If you give yourself regular injections (for insulin, for example), proper technique makes a real difference in how often reactions occur. Using a shorter needle, ideally 4 mm for pen needles, reduces the chance of injecting too deep into muscle tissue. Rotating your injection sites systematically prevents a condition called lipohypertrophy, where repeated injections in the same spot cause the tissue to harden and swell. Needles longer than 8 mm should generally be avoided, and reusing needles significantly increases the risk of local reactions.

Normal Reaction vs. Something More Serious

The key distinction is between a typical ISR and an actual skin infection like cellulitis. A normal injection site reaction causes redness and swelling that spread gradually, with tenderness that decreases over the first day even as the visible reaction grows. Fever is uncommon, and you generally feel fine otherwise.

Cellulitis, by contrast, produces redness that can expand rapidly (within 12 to 24 hours for certain bacteria), along with increasing pain, significant warmth, and usually a fever with a general feeling of being unwell. If your injection site is getting more painful rather than less painful as time goes on, if the redness is spreading quickly and feels hot to the touch, or if you develop a fever and feel sick, those are signs of a possible infection rather than a routine reaction.

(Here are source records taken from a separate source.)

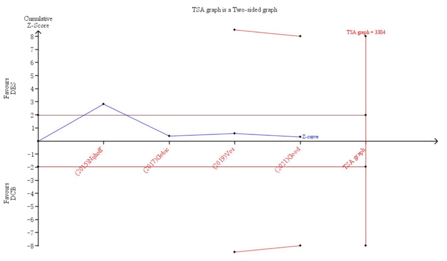 TSA (Fig. 10) was performed to estimate the power of the conclusion derived from the four included trials. Predefining type 1 error as 5%, power as 80%, relative risk reduction as 30%, the required sample size was 3304 which meant that the current sample size was not large enough to fully confirm the conclusions. Although DCB was inferior to DES in terms of TLR based on these four trials, this result may represent a false negative conclusion.
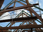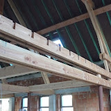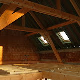 Het weer zit best mee, dus kan er doorgewerkt worden aan zowel het dak als de elektriciteit. De zichtbare spanten zijn zo goed als geplaatst en geven een goed beeld van wat we later zullen zien vanuit de kamers en gang. Normaal zou eind volgende week het dak al volledig dicht kunnen zijn (zonder pannen)! Dat zal dan zeker al wat droger werken, daar de hele vloer nu nog onder een 10cm water staat.
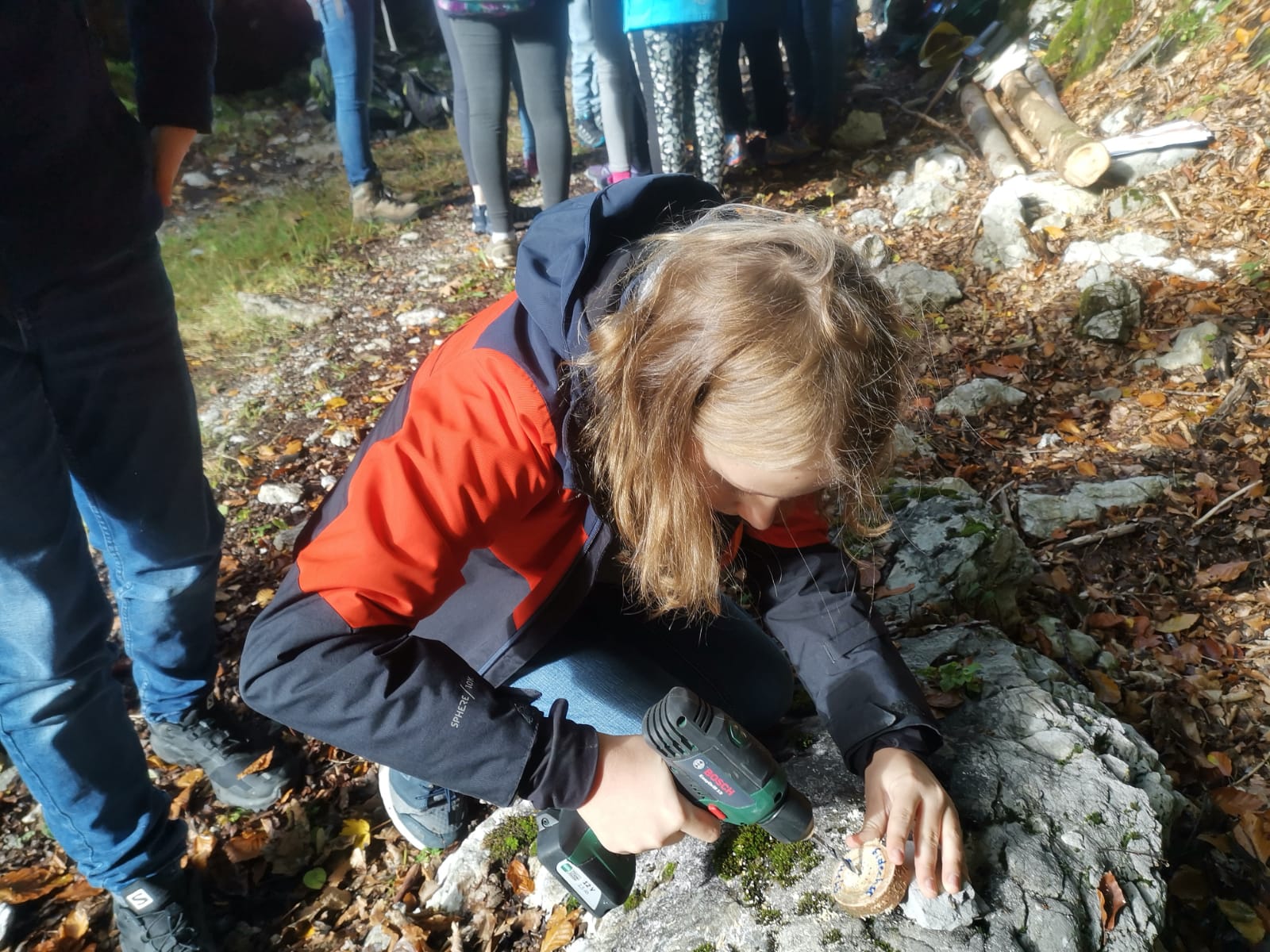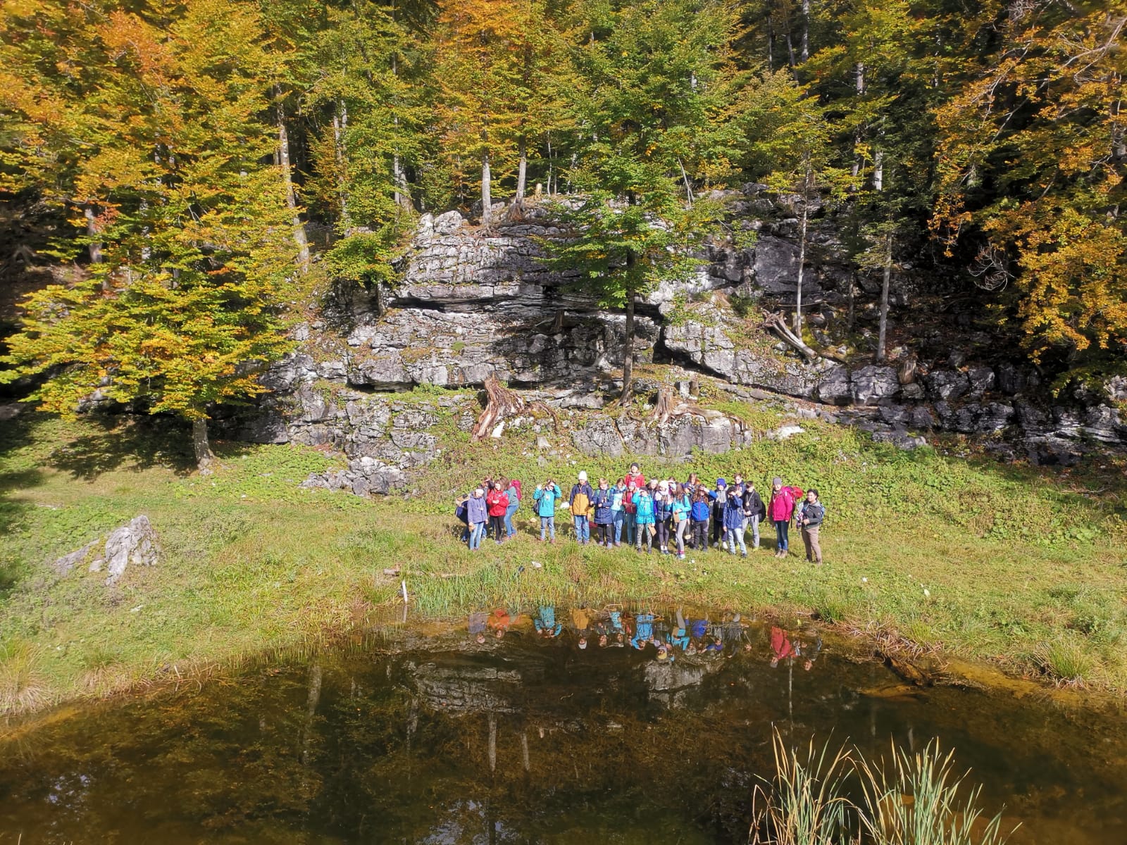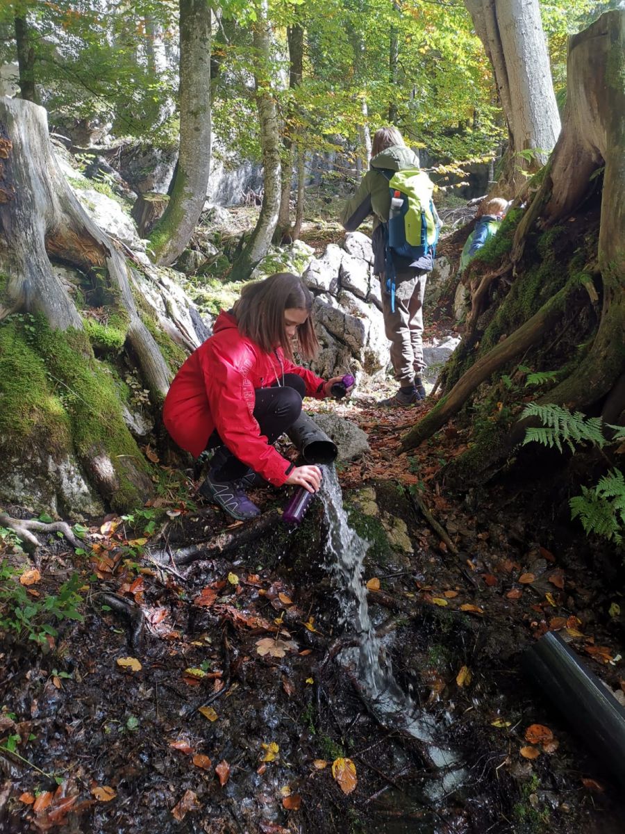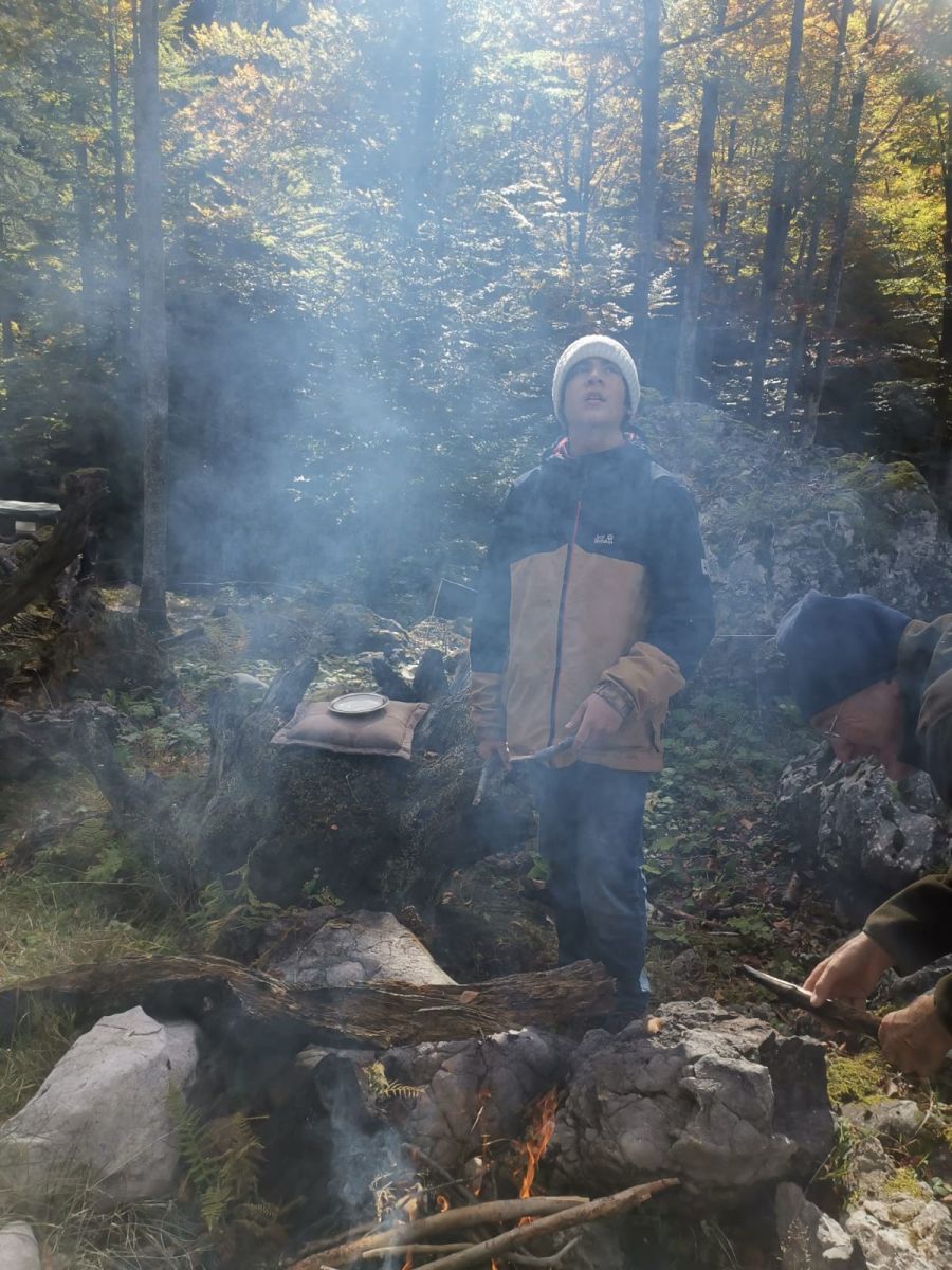 Rechtzeitig hatte der Herbst am 6. Oktober auf golden gedreht: Beim Waldtag der 2. Klasse in der Nähe von St. Koloman erfuhren wir nicht nur Delikates über Tief- und Flachwurzler, Farne und anderes Kraut, nein auch Geschichtliches wurde serviert, denn Nicolas Cage kam vor ein paar Jahren dort vorbei, wo unser Waldpädagoge und unsere Waldpädagogin ihr Anwesen haben. „Die Felsblöcke mit dem Moos drauf, das entspricht genau der Atmosphäre des 14. Jahrhundert. Wunderschön und mystisch“, so wurde uns Cage zitiert und wir konnten für Momente den Wagen vorbeirauschen sehen mit den sechs Pferden und dem Käfig hinten drauf mit der Hexe darin. Später durften wir einen kleinen Scheiterhaufen entzünden und trotz der Feuchtigkeit der vergangen Tage konnten wir schließlich unsere mitgebrachten Köstlichkeiten garen.
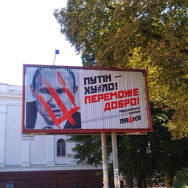 Бабинец разбирает рекламу на детали: по его мнению, буквы расположили под острым углом для придания конфликтности избирательным лозунгам. Буква "Ш", стилизованная под вилы, создает ощущение агрессии во всех материалах. В целом стилистика кампании Ляшко, как и главного героя, - броская, кричащая, которую сложно игнорировать.
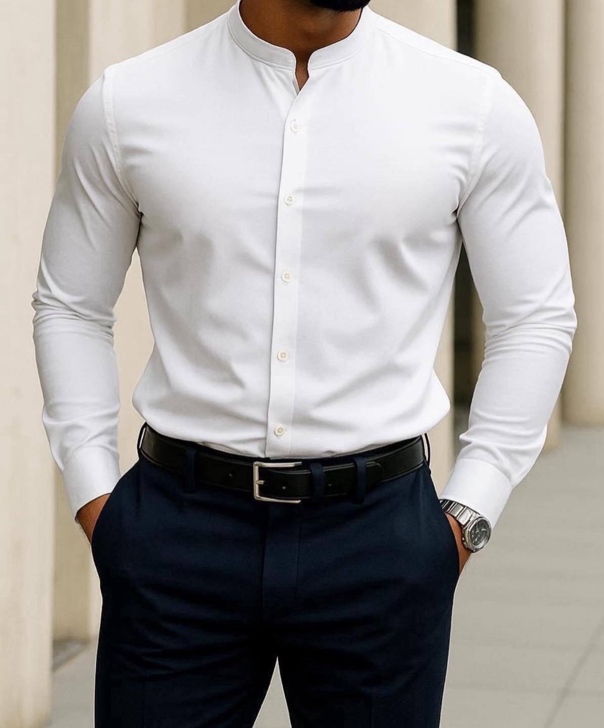 Kjo këmishë Premium Slim Fit me Jako Mandarin është krijuar për mashkullin që kërkon stil modern dhe të pastër.
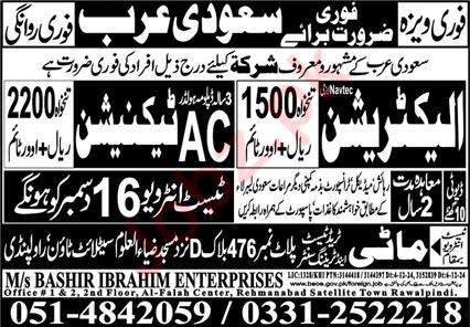 MS Bashir Ibrahim Enterprises is looking for candidates for following posts as per job advertisement published in daily Express Newspaper of December 16, 2024 for location Riyadh, riyadh Saudi Arabia:

ISR in Cardiology: In-Stent Restenosis

In cardiology, ISR stands for in-stent restenosis. This is when an artery that was previously opened with a stent gradually narrows again. A stent is a small mesh tube placed inside a blocked coronary artery to hold it open and restore blood flow. Restenosis means that new tissue grows inside the stent, partially or fully blocking the artery again.

The problem emerged in the mid-1990s when bare-metal stents first became widely used. With those early stents, about 14.7% of patients developed restenosis. Modern drug-eluting stents, which slowly release medication to prevent tissue overgrowth, have dropped that rate dramatically to around 2.5%. Still, even with the latest stent technology, restenosis occurs at a rate of roughly 1 to 2% per year, and that risk persists for as long as the stent is in place.

What Causes In-Stent Restenosis

When a stent is placed, the procedure unavoidably damages the inner lining of the artery. This triggers inflammation and a healing response. Smooth muscle cells in the artery wall begin to multiply and migrate inward, forming a layer of new tissue inside the stent. This process, called neointimal hyperplasia, is essentially the artery’s attempt to heal itself, but it can overshoot and create a new blockage.

Drug-eluting stents work by releasing compounds that slow down cell growth, keeping that tissue buildup in check. With bare-metal stents, restenosis tends to happen relatively soon after placement. Drug-eluting stents push the risk further out in time but don’t eliminate it entirely. In some long-term cases, a process resembling new plaque buildup (neoatherosclerosis) can also develop within the stent.

How In-Stent Restenosis Is Detected

Doctors define ISR as more than 50% narrowing within or immediately next to a previously stented section of artery, as seen on an angiogram. But not every case of narrowing causes symptoms. Clinical restenosis, the kind that matters to patients, is when the blockage becomes severe enough to reduce blood flow and cause chest pain, shortness of breath, or other signs of restricted circulation to the heart.

When doctors suspect restenosis, they use imaging techniques to confirm it. Standard angiography (where dye is injected and X-rays are taken) provides a broad view, while more advanced tools like optical coherence tomography offer much finer detail. These imaging methods can reveal whether the stent is sitting properly against the artery wall, whether tissue is protruding through the mesh, and how much new blockage has formed. For borderline cases, functional tests can determine whether the narrowing is actually restricting blood flow enough to require treatment, since moderate narrowing doesn’t always need another procedure.